The computer system 10 includes a case or housing 12, system memory 14, and a processor 16. The computer system 10 may be a desktop computer, laptop computer, server, set top box, motherboard, or any other device that includes the processor 16. Additional components such as displays and user input components may be employed without departing from the scope of the present disclosure. The system memory 14 in the example illustrated is a dynamic random-access memory (“DRAM”) that communicates with the processor 16, although other memory technologies could be used. The processor 16 includes at least one execution core 20, an interconnect 22, and a cache memory 24. The processor 16 may be a central processor unit, a graphics processing unit, an accelerated processing unit, or any other suitable processor type.

The computer system 10 may also contain communications connection(s) 24 that allow the system to communicate with other devices.

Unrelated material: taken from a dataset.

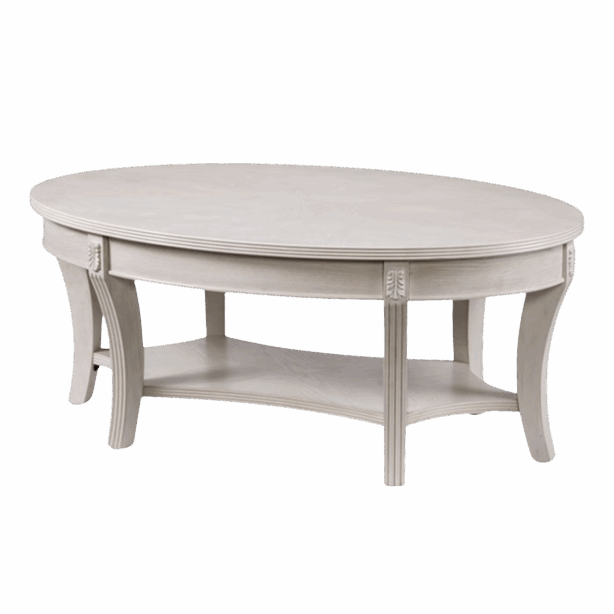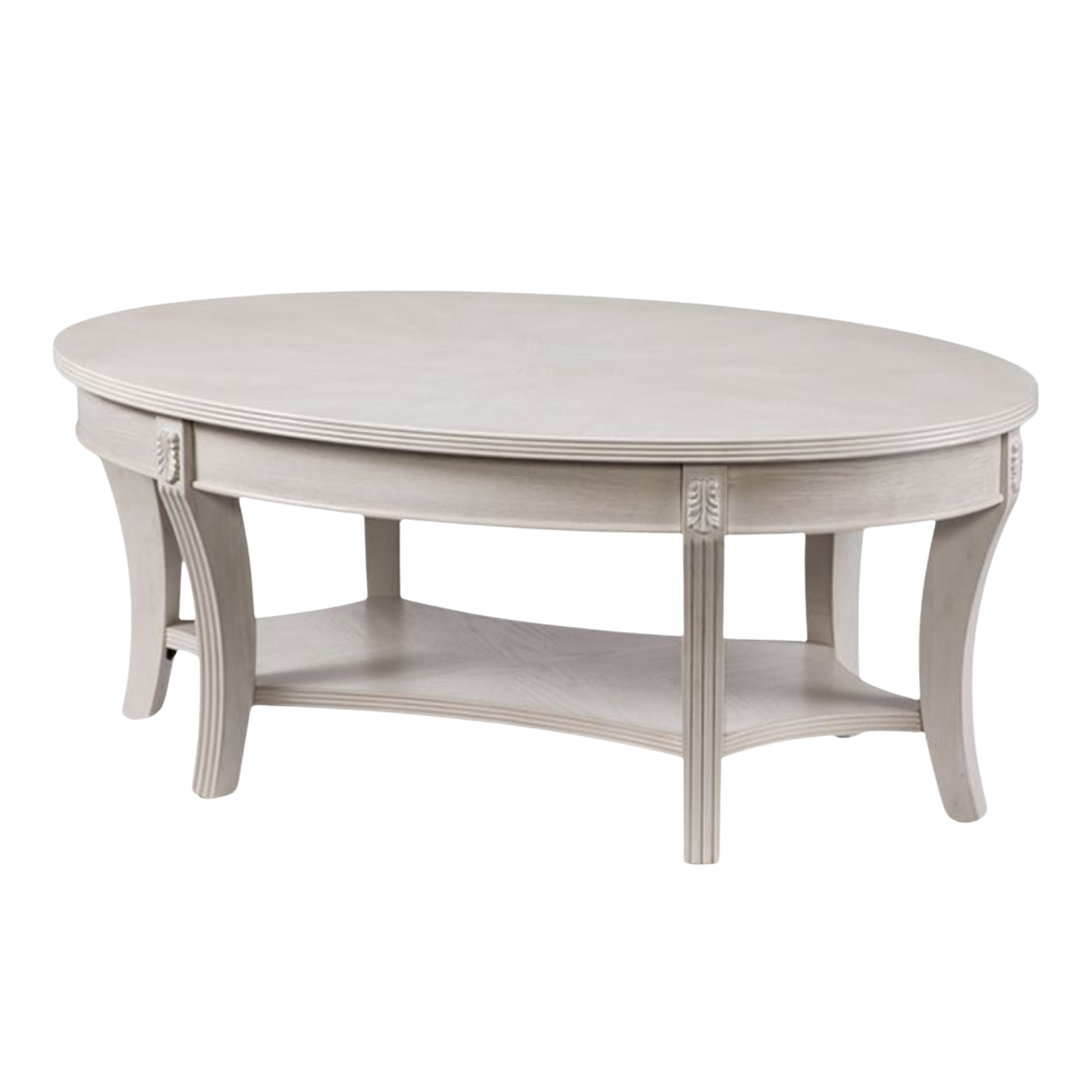 This elegant oval coffee table features a soft antique white finish with graceful curved legs, decorative carved detailing, and a convenient lower shelf for storage or display. The classic French country design combines timeless sophistication with practical functionality, creating a charming centerpiece that adds romantic European elegance to traditional or transitional lounge settings.

In embodiments described herein, communication connection(s) 24 may include, without limitation, suitably configured interfaces that allow computer system 10 to communicate with a network such as the Internet, external databases, external memory devices, and the like. Communications connection(s) 24 may be associated with the handling of communication media as defined above. The computer system 10 may also include or communicate with input device(s) 26 such as a keyboard, mouse or other pointing device, pen, voice input device, touch input device, etc. The computer system 10 may also include or communicate with output device(s) 28 such as a display, speakers, printer, or the like. All of these devices are well known in the art and need not be discussed at length here.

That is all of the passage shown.